WHAT THE TASK REQUIRES: The entries below contain pictures. Write out only the lines from the line with "5月6日下午3点,由工商管理" up to and including the line with "- E gancho de", exactly, without them.

::: DATA SECTION

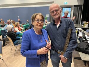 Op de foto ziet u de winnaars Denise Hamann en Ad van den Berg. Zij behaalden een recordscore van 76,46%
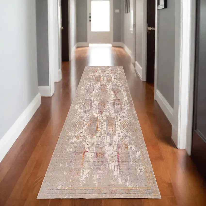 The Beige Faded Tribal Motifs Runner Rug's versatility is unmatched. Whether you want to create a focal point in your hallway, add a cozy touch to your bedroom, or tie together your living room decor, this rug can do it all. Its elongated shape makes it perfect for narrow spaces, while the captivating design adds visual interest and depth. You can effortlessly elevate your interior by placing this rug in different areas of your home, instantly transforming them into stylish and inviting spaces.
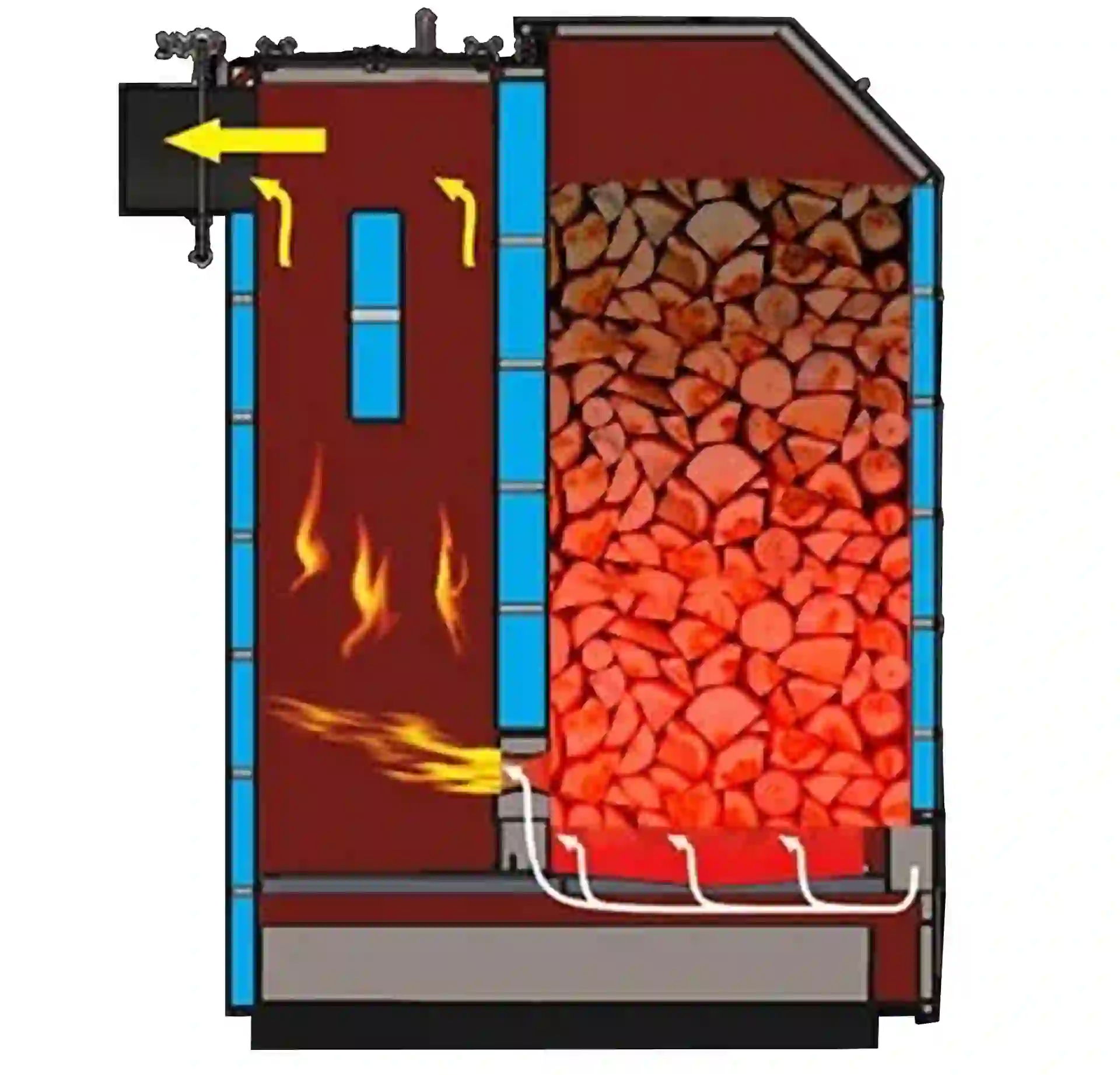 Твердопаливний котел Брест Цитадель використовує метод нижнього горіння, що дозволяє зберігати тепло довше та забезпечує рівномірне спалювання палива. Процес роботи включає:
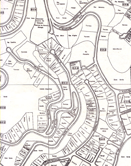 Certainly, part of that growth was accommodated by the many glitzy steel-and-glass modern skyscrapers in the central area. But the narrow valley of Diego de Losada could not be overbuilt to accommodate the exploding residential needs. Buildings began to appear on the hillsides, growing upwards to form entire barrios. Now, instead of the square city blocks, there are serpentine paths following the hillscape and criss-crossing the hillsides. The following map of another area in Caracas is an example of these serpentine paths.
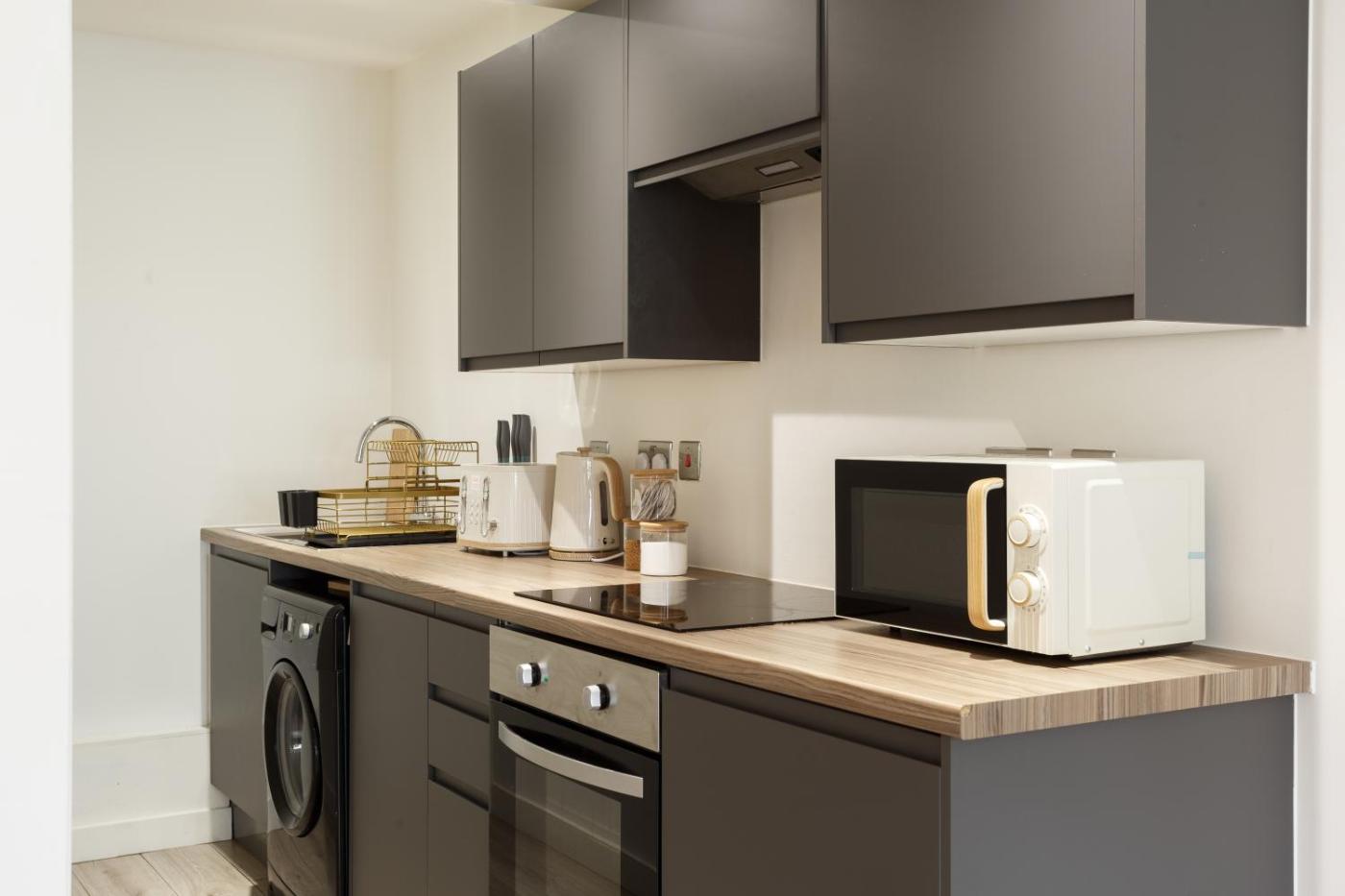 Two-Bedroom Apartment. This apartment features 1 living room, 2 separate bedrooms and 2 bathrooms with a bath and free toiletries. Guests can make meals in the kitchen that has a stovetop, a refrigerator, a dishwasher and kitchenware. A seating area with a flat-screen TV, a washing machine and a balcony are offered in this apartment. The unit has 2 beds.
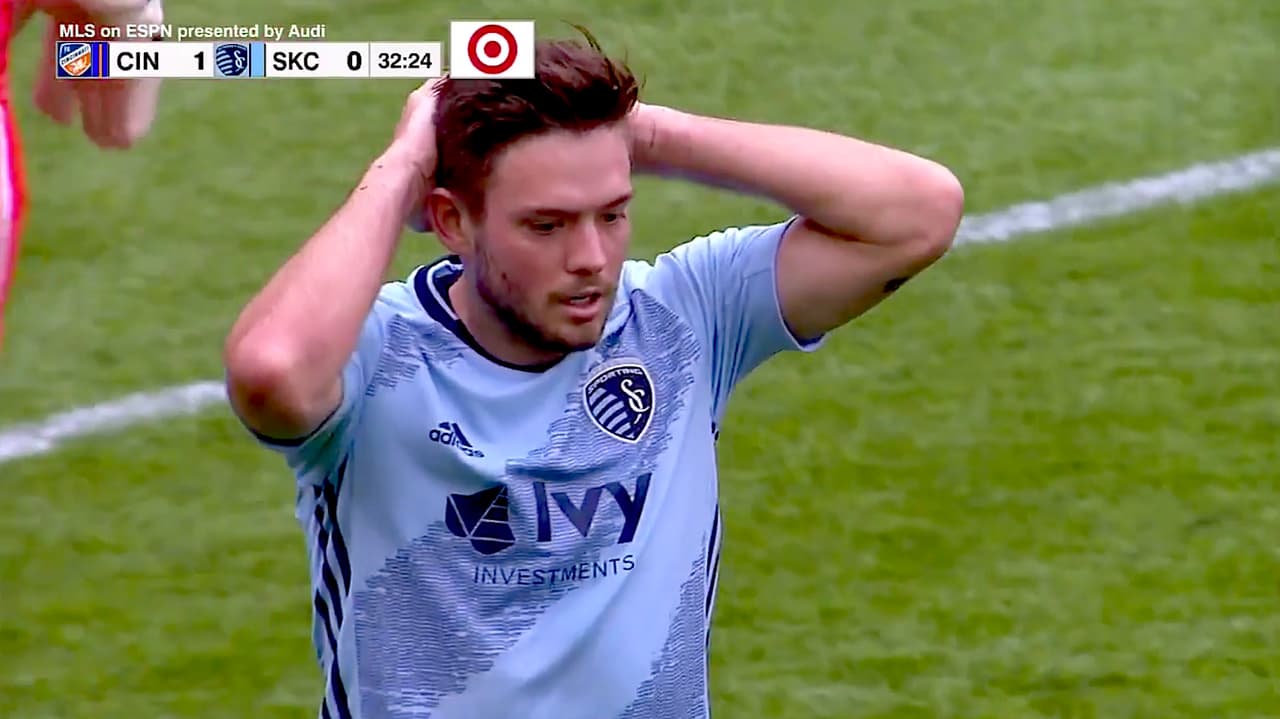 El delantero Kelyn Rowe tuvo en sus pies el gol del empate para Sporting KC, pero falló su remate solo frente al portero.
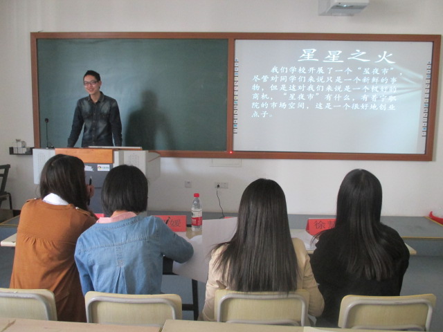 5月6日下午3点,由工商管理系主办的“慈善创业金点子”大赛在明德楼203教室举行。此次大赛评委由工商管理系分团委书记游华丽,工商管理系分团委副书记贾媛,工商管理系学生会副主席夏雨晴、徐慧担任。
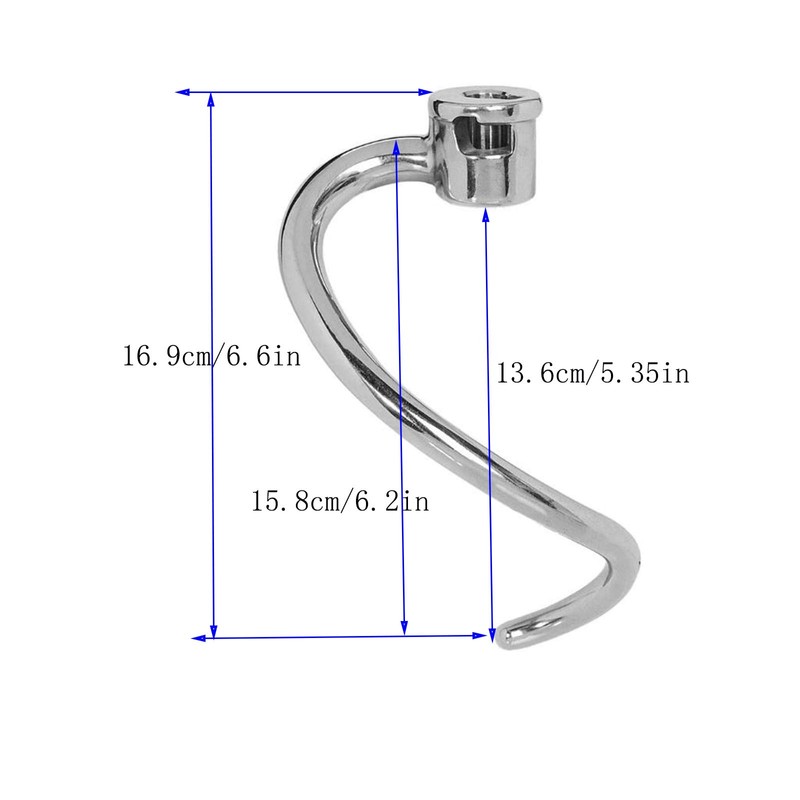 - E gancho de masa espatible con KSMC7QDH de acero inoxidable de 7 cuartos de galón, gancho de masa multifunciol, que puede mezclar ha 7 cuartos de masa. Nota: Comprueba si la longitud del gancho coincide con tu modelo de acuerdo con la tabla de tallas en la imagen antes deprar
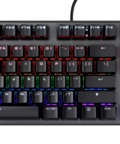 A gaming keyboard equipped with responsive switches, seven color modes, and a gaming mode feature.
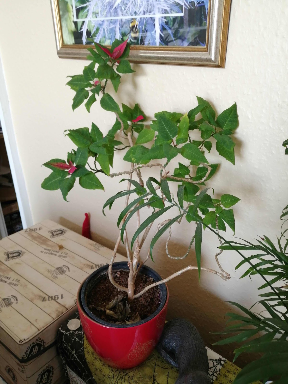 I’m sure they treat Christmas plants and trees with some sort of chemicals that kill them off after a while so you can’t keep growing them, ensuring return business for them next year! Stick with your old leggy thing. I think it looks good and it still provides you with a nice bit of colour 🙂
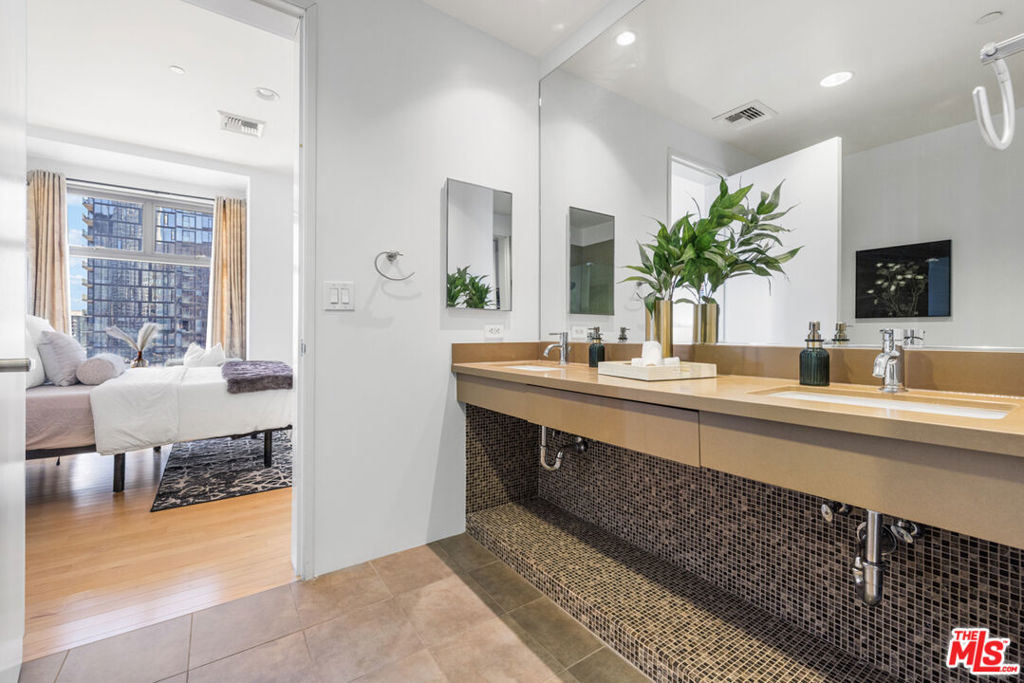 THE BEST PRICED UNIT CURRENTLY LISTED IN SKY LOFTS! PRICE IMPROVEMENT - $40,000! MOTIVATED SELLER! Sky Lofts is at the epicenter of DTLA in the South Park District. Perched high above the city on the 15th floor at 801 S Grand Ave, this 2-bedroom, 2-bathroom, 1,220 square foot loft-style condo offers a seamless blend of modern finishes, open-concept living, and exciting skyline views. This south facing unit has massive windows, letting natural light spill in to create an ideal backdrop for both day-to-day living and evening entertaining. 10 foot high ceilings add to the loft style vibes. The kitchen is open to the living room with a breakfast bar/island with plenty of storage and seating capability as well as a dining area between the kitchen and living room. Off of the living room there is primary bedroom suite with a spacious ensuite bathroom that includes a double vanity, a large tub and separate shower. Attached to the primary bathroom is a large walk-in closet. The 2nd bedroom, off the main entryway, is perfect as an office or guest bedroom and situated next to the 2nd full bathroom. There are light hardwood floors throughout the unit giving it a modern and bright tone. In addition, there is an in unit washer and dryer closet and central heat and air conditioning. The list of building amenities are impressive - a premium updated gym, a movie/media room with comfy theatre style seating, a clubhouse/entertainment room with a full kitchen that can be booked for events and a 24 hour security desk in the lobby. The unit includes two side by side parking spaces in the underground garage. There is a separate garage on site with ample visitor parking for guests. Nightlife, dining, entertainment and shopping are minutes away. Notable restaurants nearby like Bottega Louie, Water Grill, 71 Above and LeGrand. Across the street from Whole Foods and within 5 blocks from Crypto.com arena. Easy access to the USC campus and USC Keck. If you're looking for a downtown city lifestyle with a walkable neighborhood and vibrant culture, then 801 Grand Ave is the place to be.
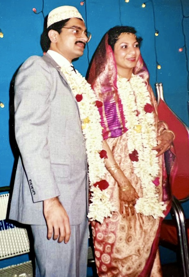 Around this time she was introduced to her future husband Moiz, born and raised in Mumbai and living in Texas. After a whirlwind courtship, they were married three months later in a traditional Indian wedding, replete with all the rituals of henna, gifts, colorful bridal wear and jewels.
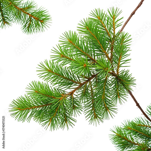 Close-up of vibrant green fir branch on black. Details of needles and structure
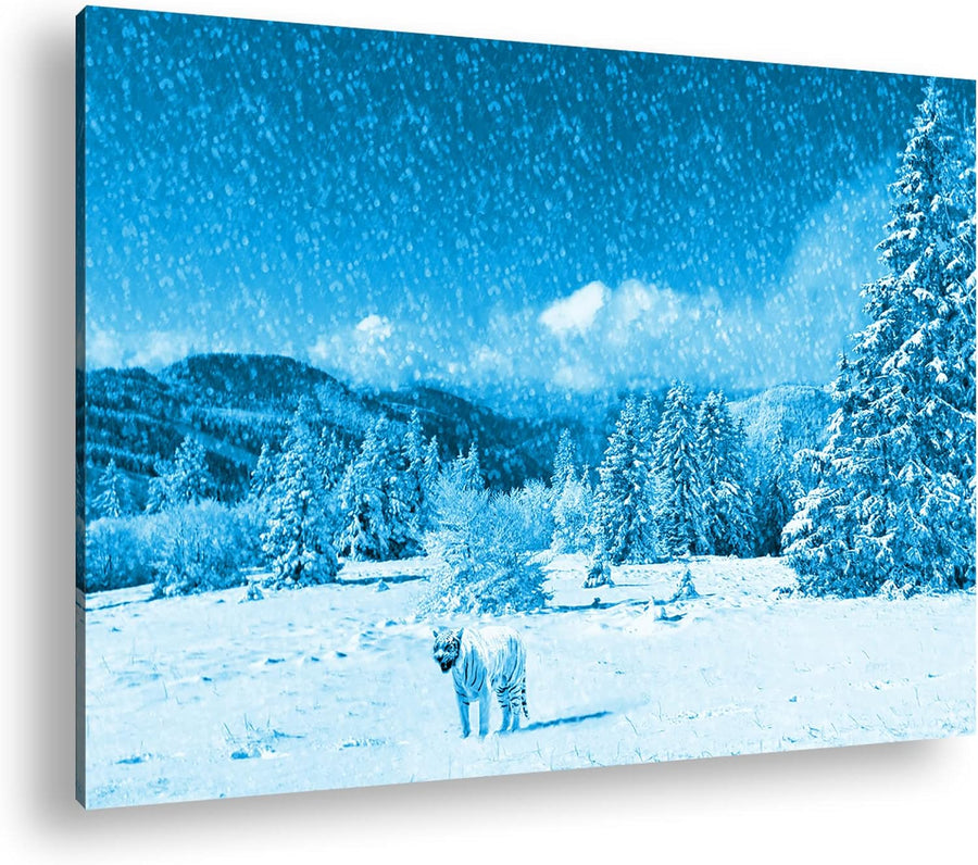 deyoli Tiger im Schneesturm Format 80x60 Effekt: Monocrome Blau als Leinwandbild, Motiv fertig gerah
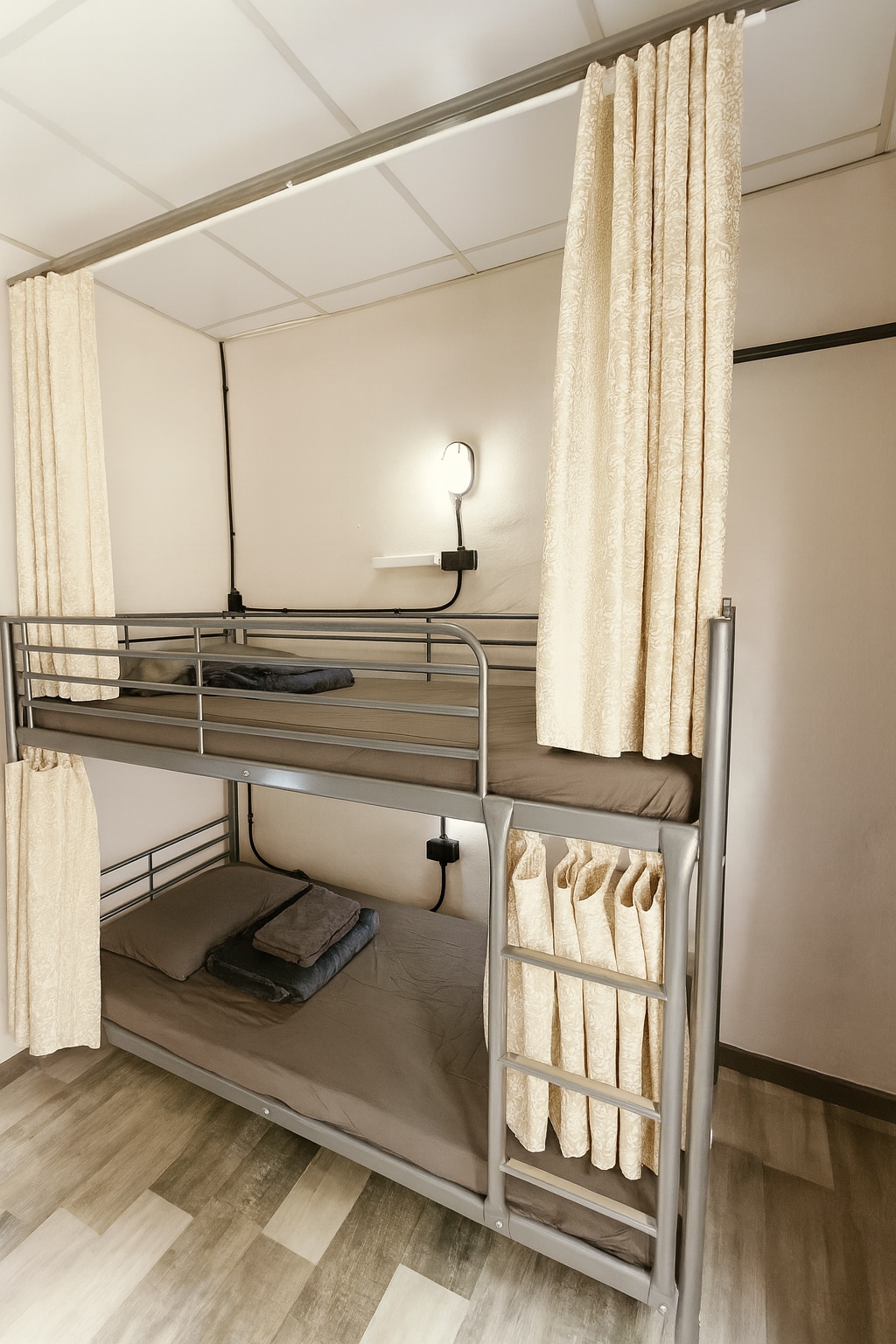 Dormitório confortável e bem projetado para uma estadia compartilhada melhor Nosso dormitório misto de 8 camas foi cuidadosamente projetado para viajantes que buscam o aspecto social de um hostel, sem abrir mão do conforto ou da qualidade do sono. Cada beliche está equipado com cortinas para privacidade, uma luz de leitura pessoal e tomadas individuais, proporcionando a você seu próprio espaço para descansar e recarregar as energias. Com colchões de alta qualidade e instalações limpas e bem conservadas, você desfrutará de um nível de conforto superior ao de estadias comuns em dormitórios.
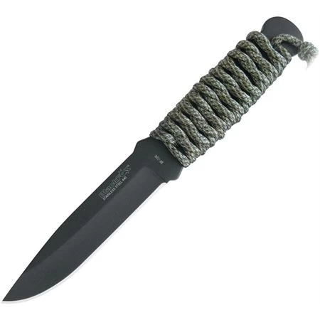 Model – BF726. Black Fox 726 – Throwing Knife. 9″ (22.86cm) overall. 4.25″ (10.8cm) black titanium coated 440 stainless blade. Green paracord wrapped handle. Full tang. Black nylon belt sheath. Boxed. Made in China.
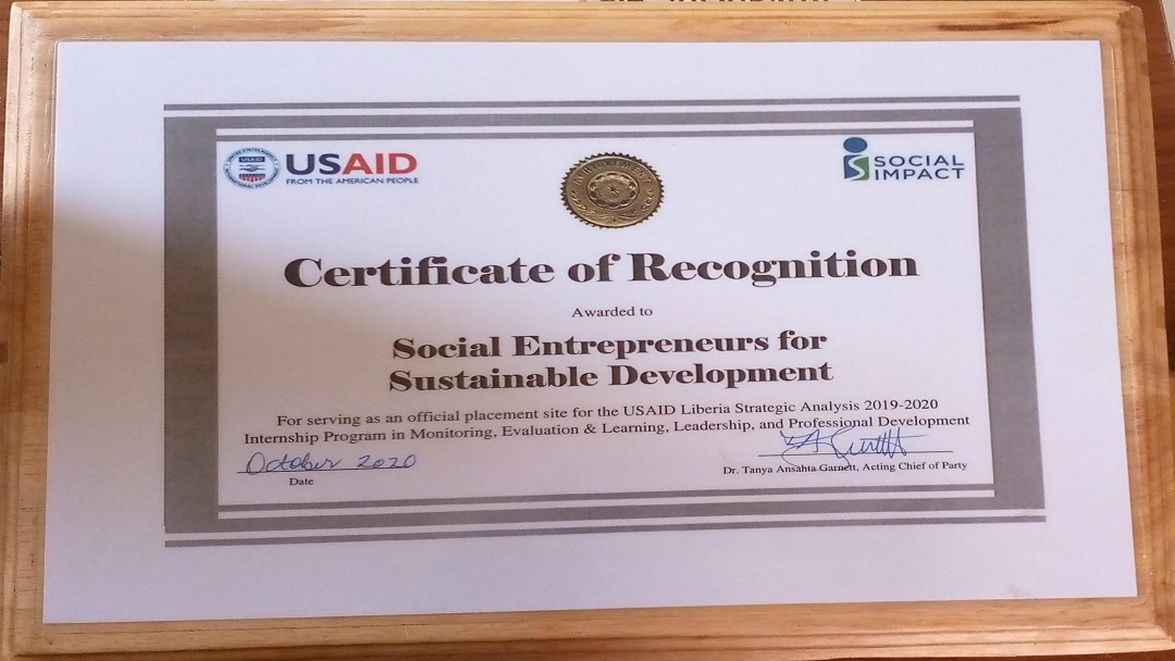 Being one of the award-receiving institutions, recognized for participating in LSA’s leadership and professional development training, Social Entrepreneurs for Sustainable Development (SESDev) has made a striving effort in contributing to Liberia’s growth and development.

::::::

YOUR SOLUTION:
 5月6日下午3点,由工商管理系主办的“慈善创业金点子”大赛在明德楼203教室举行。此次大赛评委由工商管理系分团委书记游华丽,工商管理系分团委副书记贾媛,工商管理系学生会副主席夏雨晴、徐慧担任。
 - E gancho de masa espatible con KSMC7QDH de acero inoxidable de 7 cuartos de galón, gancho de masa multifunciol, que puede mezclar ha 7 cuartos de masa. Nota: Comprueba si la longitud del gancho coincide con tu modelo de acuerdo con la tabla de tallas en la imagen antes deprar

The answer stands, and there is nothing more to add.